Cumhurbaşkanı Recep Tayyip Erdoğan, son yaptığı konuşmada Türkiye’deki basın sektörünün önemli sorunlarına ve gazetecilik etiğine değindi. Erdoğan, provoke edici üslup ve habercilik anlayışının toplumu gerdiğini ve bu durumun ülkenin birliğini zayıflattığını kaydetti. “Milleti provoke eden gazeteci olmaz,” diyen Erdoğan, basın mensuplarının sorumluluk taşıdığını vurguladı. Özellikle dünya genelindeki yükselen bilgi kirliliğine karşı gazeteciliğin dürüst ve tarafsız olması gerektiğini belirtti.
Cumhurbaşkanı’nın bu açıklamaları, Türk basınında özellikle sosyal medya üzerinden yayılan yanlış bilgilerin ve provokatif söylemlerin arttığı bir dönemde gelmesi bakımından oldukça önemli. Erdoğan, gazetecilerin görevlerini yerine getirirken, toplumu bilgilendirmeyi ve halkın menfaatlerini korumayı ilke edinmeleri gerektiğini ifade etti. “Gazetecilik mesleği, toplumun bilgiye erişimini sağlamak ve doğru bilgilendirmek üzerine inşa edilmiştir,” diyen Erdoğan, eleştirel yaklaşımların, yapıcı olması gerektiğini vurguladı.
Ayrıca, Cumhurbaşkanı Erdoğan’ın konuşmasında dikkat çektiği bir diğer nokta, basın ahlakı ve etik kurallarının göz ardı edilmemesi gerektiğiydi. Basın mensuplarının, halkı bilinçlendirmek amacıyla doğru ve tarafsız bilgi sunmanın yanında, aynı zamanda profesyonel etik kurallarına bağlı kalmaları gerektiği dile getirildi. Erdoğan, “Haber yapmak, sorumluluk almak demektir. Bu nedenle, her gazetecinin, habercilik anlayışını halkın menfaatlerine göre şekillendirmesi şart,” şeklinde konuştu.

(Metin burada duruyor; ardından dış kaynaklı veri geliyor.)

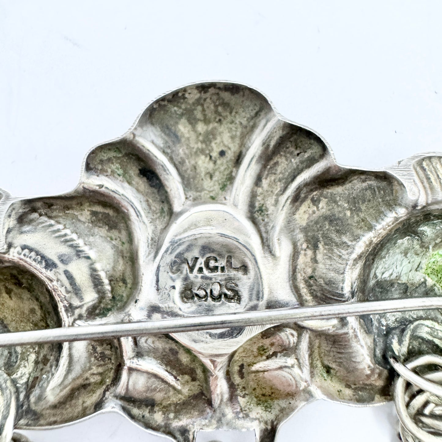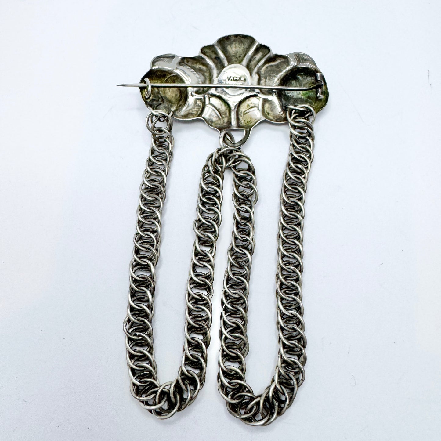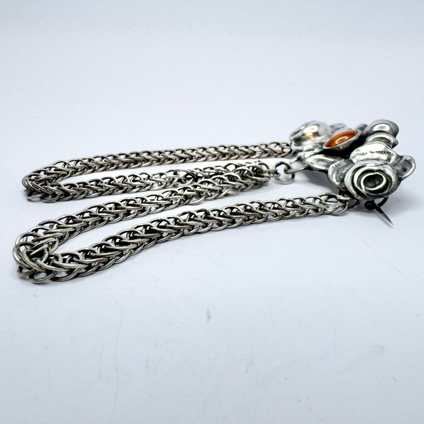CV Carl Larsen, Denmark 1910s, Antique Solid Silver Amber Arts and Crafts Skonvirke Brooch
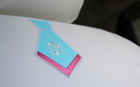ハンドルカバー、シートカバー、シートベルトパッドに配された刺繍は立体的な凝ったものだ
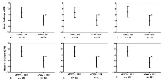 Association between baseline cSBP (panel A–C) or baseline aPWV (panel D–F) and percentage change in eGFR (n = 252): (A) adjusted for baseline eGFR; (B) adjusted for baseline eGFR, BMI, and DM; (C) adjusted for baseline eGFR, BMI, DM, the use of ACE inhibitors and beta blockers; (D) adjusted for baseline eGFR; (E) adjusted for baseline eGFR, BMI, DM, and hypertension; (F) adjusted for baseline eGFR, BMI, DM, hypertension, the use of ACE inhibitors and beta blockers. Dots represent means and bars represent 95% confidence interval. Significant differences between groups are marked with an asterisk (*). Abbreviations: aPWV, aortic pulse wave velocity; BMI, body mass index; cSBP, central systolic blood pressure; DM, diabetes mellitus; eGFR, estimated glomerular filtration rate.
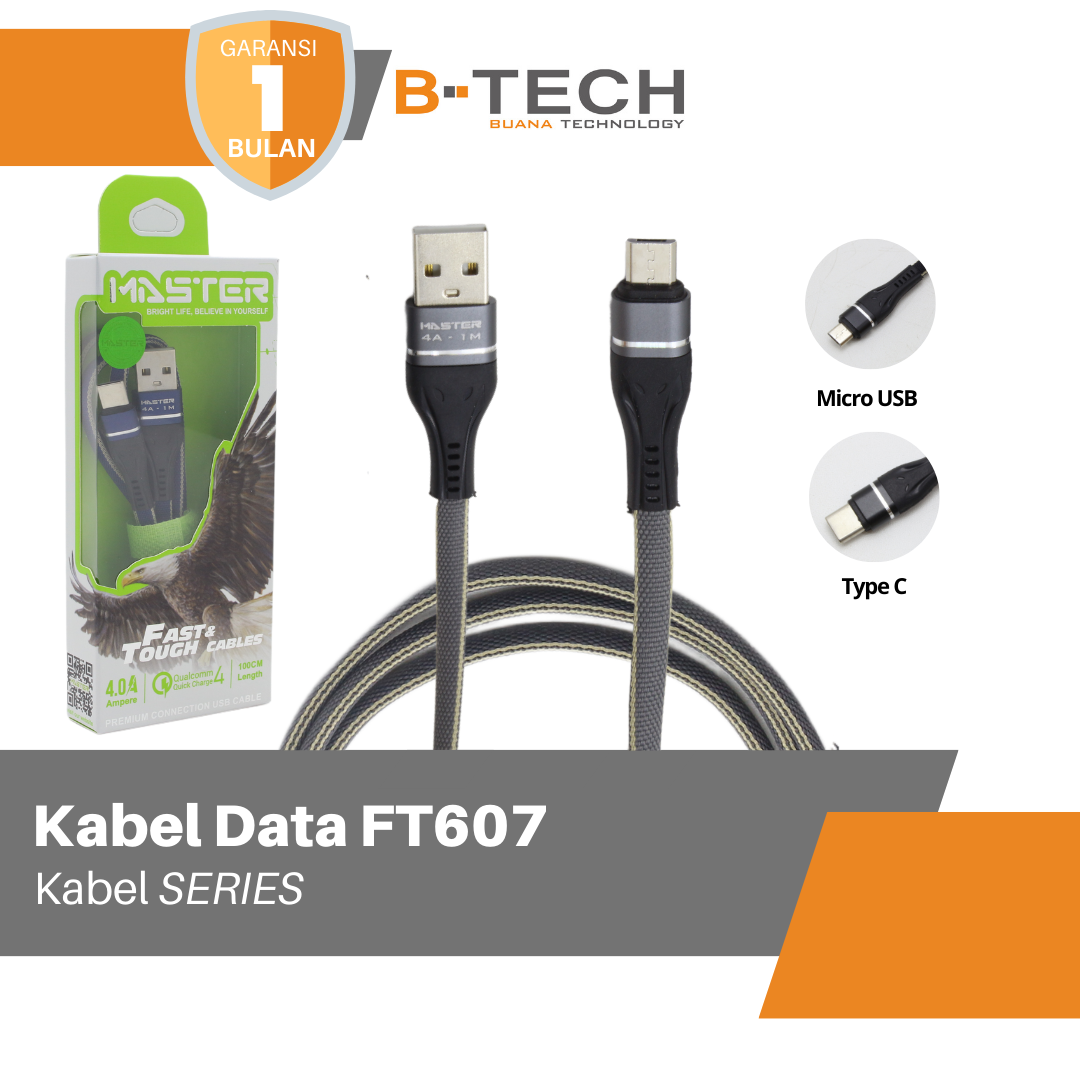 Kabel Data Fast Charging 4A Type C PD Micro USB iOS Lightning Android 1M MASTER FT607 Garansi 30 Hari
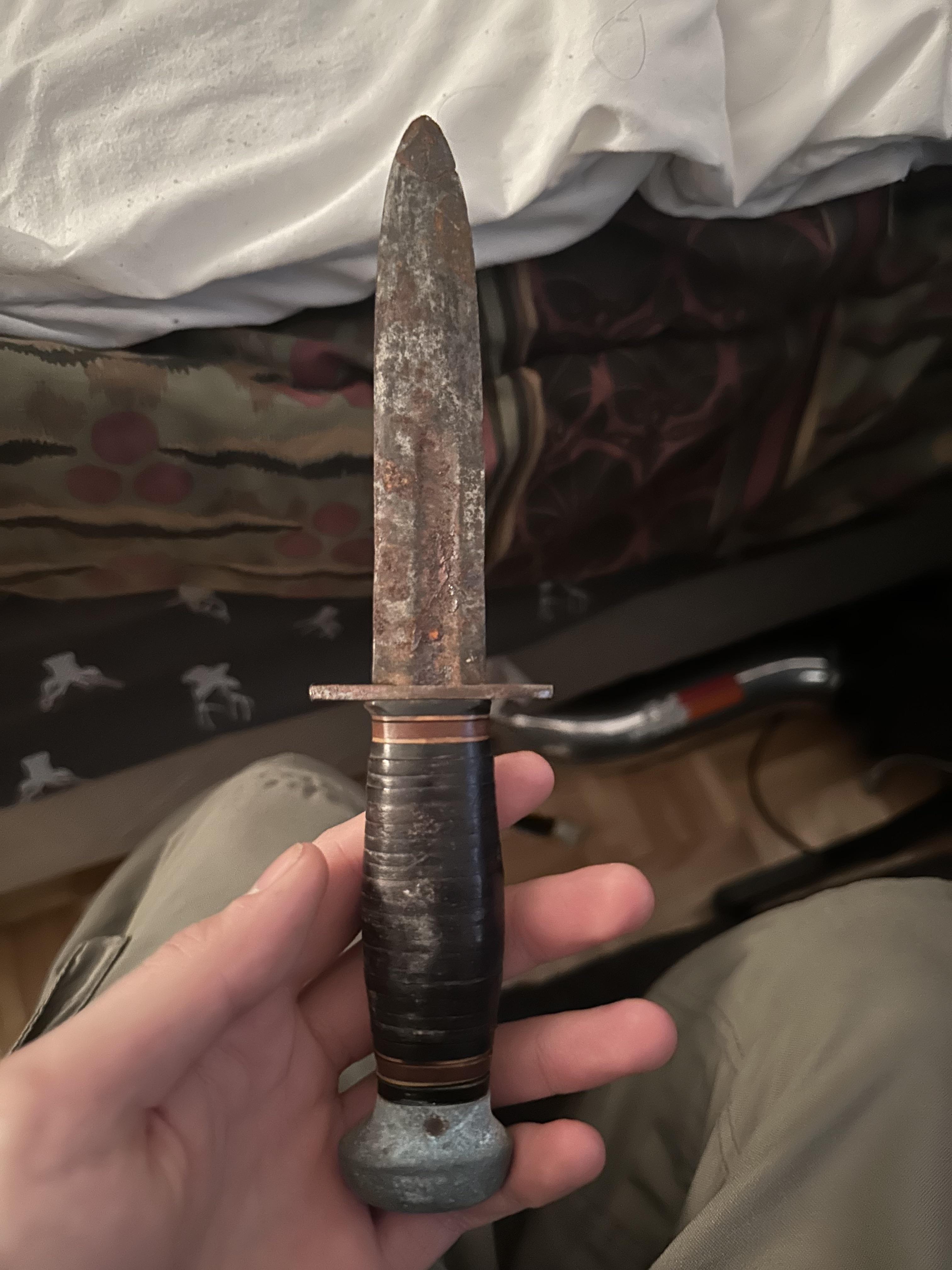 In KNIVES What is the name of this knife? November 11, 2023 My grandpa gave me this in his will and i’m still trying to find where it came from. by spoodersweg KnifeKnives Prev Post Me likey copper November 11, 2023 Next Post A.D Wadsworth & Sons Gentlemen’s pocket knife November 11, 2023 Related Posts New Year’s Resolution Week 3 January 17, 2026 Need More 950’s! January 17, 2026 Ever dig out an old favourite and wonder why you’d ever put it down? January 17, 2026 5 Comments spoodersweg 2 years ago by the red handle i know it’s probably from the ww2 era but there’s nothing else GrimmWilderness 2 years ago “Yours is the perfect size babe, the big ones hurt” SurgenSK 2 years ago Benjamin Jack3489 2 years ago Looks like a WW II US Navy Mark 1 that has been reshaped into an abalone knife. GoreyGopnik 2 years ago jimWrite A CommentYou must be logged in to post a comment.
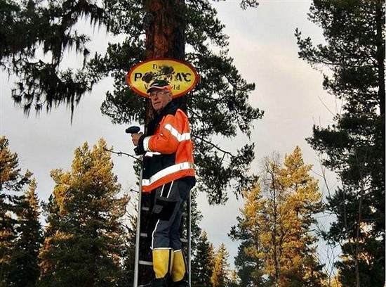 Strax före jul 2013 fick Torsten Holmlund i Västanbäck reda på att Granen med Pommacskylten blåst omkull. Som Sollefteåbo med intresse för bygden och dess historia var det ett förhållande som han inte kunde acceptera. Han kontaktade därför sin bror Lennart i Östgranvåg. Även han brinnande för bygd och historia. Bröderna beslöt att redan nästa dag åka ned till Pommacsvägskälet och sätta upp skylten. Vilket de också gjorde.
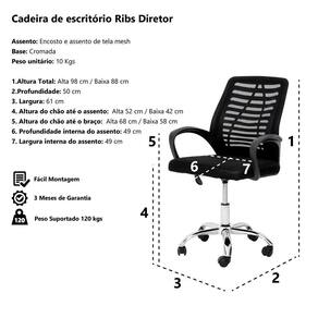 Cadeira De Escritório Diretor Ribs Tgt Tela Mesh - Waw Design Modelo:Cadeira de Escritório Diretor Ribs Assento: Espuma Base: Metal Cromado Profundidade: 50 cm Largura: 61 cm Altura Total: 99 cm Altura do Chão Até o Assento: Alta 52 cm - Baixa 42 cm Altura do Chão Até o Braço: Alta 68 cm - Baixa 58 cm
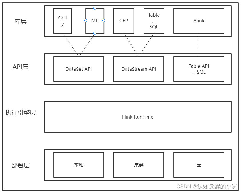 工具库层:在API之上,Flink还提供了丰富的工具。面向流处理的复杂时间处理CEP;面向批处理的机器学习库FlinkML、图处理Gelly;Table API和SQL,用户可以像操作表那样操作流数据;
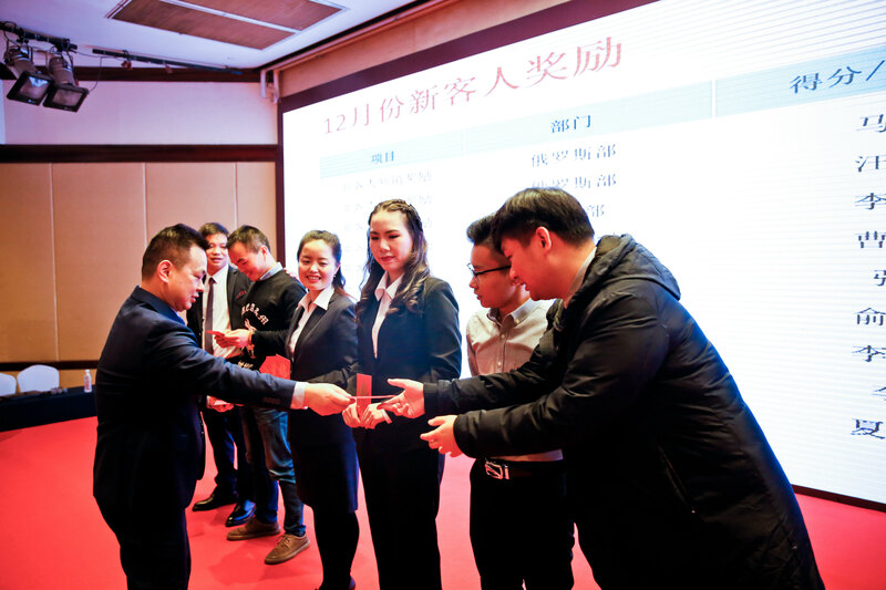 單證部門及財務部門首先公布了2019年的業績和目標完成情況,主持人蔡總宣讀了年度擬提拔、獲優人員名單及評述,隨后陳總對提拔和獲優人員進行表彰。緊接著各主要部門負責人分別做總結展望,2020年他們將帶領團隊創造更加優異的成績。
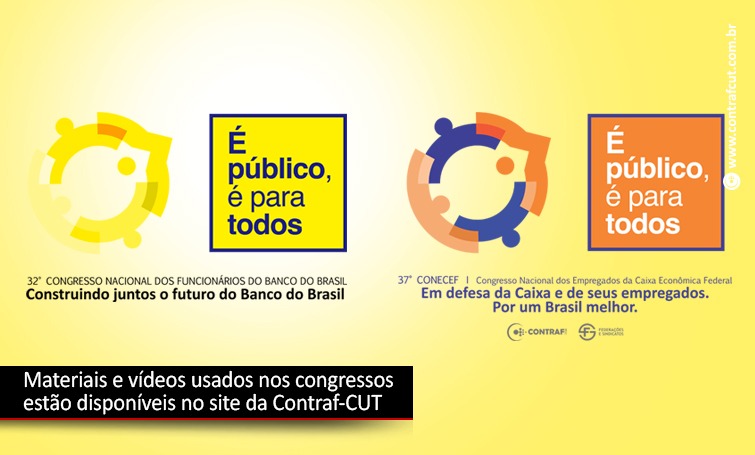 A Confederação Nacional dos Trabalhadores do Ramo Financeiro (Contraf-CUT) disponibilizou os materiais do 37º Congresso Nacional dos Empregados da Caixa Econômica Federal (Conecef) e do 32º Congresso dos Funcionários do Banco do Brasil (CNFBB), realizados no sábado (7) e domingo (8), respectivamente.
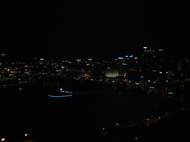 I haven't seen Aaron in a few years, so it was awesome to meet up with him again. The two of us went out to fat head's saloon for dinner and to watch the penguins hockey game. I ordered the quadruple bypass burger, and it was totally delicious. Afterward he showed me a great view of the city and the three rivers from the Duquesne incline. This was a fun night.
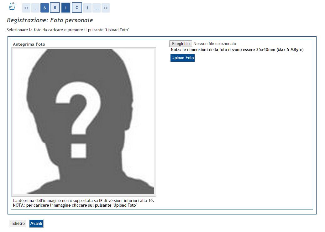 Le dimensioni della foto devono essere 35x40mm (max 5 Mbyte).
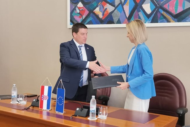 Ministar mora, prometa i infrastrukture Oleg Butković i potpredsjednica Europske investicijske banke (EIB) Teresa Czerwinska potpisali su jutros Memorandum o razumijevanju između Ministarstva i EIB-a, kojim će se učvrstiti suradnja između ove dvije institucije s ciljem osiguranja zajedničkih ciljeva, prvenstveno u pogledu korištenja dostupnih europskih sredstava i daljnjoj pomoći vezano uz prometne projekte.
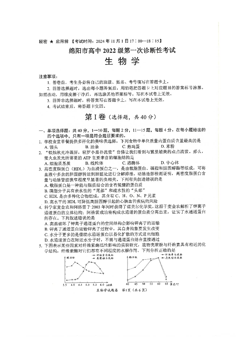 绵阳市高中2022级第一次诊断性考试 生物
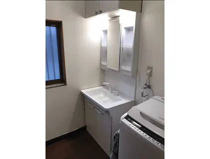 岐阜県各務原市のお客様より、洗面化粧台の蛇口から水漏れしていると言う修理依頼をいただきました。拝見させていただきましたところ、扉を開けた中の底板が濡れてベコベコになっておりました。もう20年以上ご使用されていると言う事だったので、新しく洗面化粧台を取替える事をおすすめさせていただきました。新しい洗面化粧台は、LIXILのオフトで幅750㎜です。 ※掲載の金額は最低基本料金です。作業料金は内容により異なります。

Provokatif habercilik anlayışının toplum üzerindeki olumsuz etkilerine de değinen Cumhurbaşkanı Erdoğan, bu tür yaklaşımların kutuplaşmaya yol açtığını söyledi. Kimi medya kuruluşlarının, belirli bir siyasi görüşü veya ideolojik yapıyı beslemek amacıyla bilerek yanlış bilgiler yaydığını savunan Erdoğan, bu bağlamda toplumun bir parçası olan gazetecilere büyük görevler düştüğünü belirtti. Her bir basın mensubunun, ülkenin geleceği için sağduyulu bir üslup benimsemesi ve toplumu bilinçlendirmek amacıyla çalışması gerektiğinin altını çizdi.
Erdoğan, ayrıca basında özgürlük vurgusu yaparak, bu özgürlüğün suistimal edilmemesi gerektiğini ifade etti. “Söz konusu olan halkın menfaatleri olduğu zaman, gazetecilikte özgürlük ve sorumluluk arasında doğru bir dengenin sağlanması şarttır,” diyen Cumhurbaşkanı, basının demokrasinin temeli olduğuna dikkat çekti. Devletin bu tür durumlarla mücadele etme yetkisinin bulunduğunu da dile getiren Erdoğan, basın özgürlüğünün kötüye kullanıldığı her durumda gerekli önlemlerin alınması gerektiğini sözlerine ekledi.
Sonuç olarak, Cumhurbaşkanı Erdoğan'ın bu açıklamaları, Türkiye'deki basın sektörü için önemli bir dönüm noktası olabilir. Basın mensuplarının yalnızca haber yaparken değil, topluma karşı taşıdıkları sorumluluklarını da unutmamaları gerektiğinin bilinciyle hareket etmeleri, ülke genelinde sağlıklı bir habercilik anlayışının geliştirilmesine katkı sağlayacaktır. Provokatif habercilikten uzak durulması ve olumlu bir diyalog ortamının yaratılması, Türkiye’nin geleceği açısından büyük önem taşımaktadır. Cumhurbaşkanının aslında tüm kamuoyuna şu mesajı verdiği aşikardır: “Sağlıklı bir demokrasi için sağlıklı bir basın şarttır.”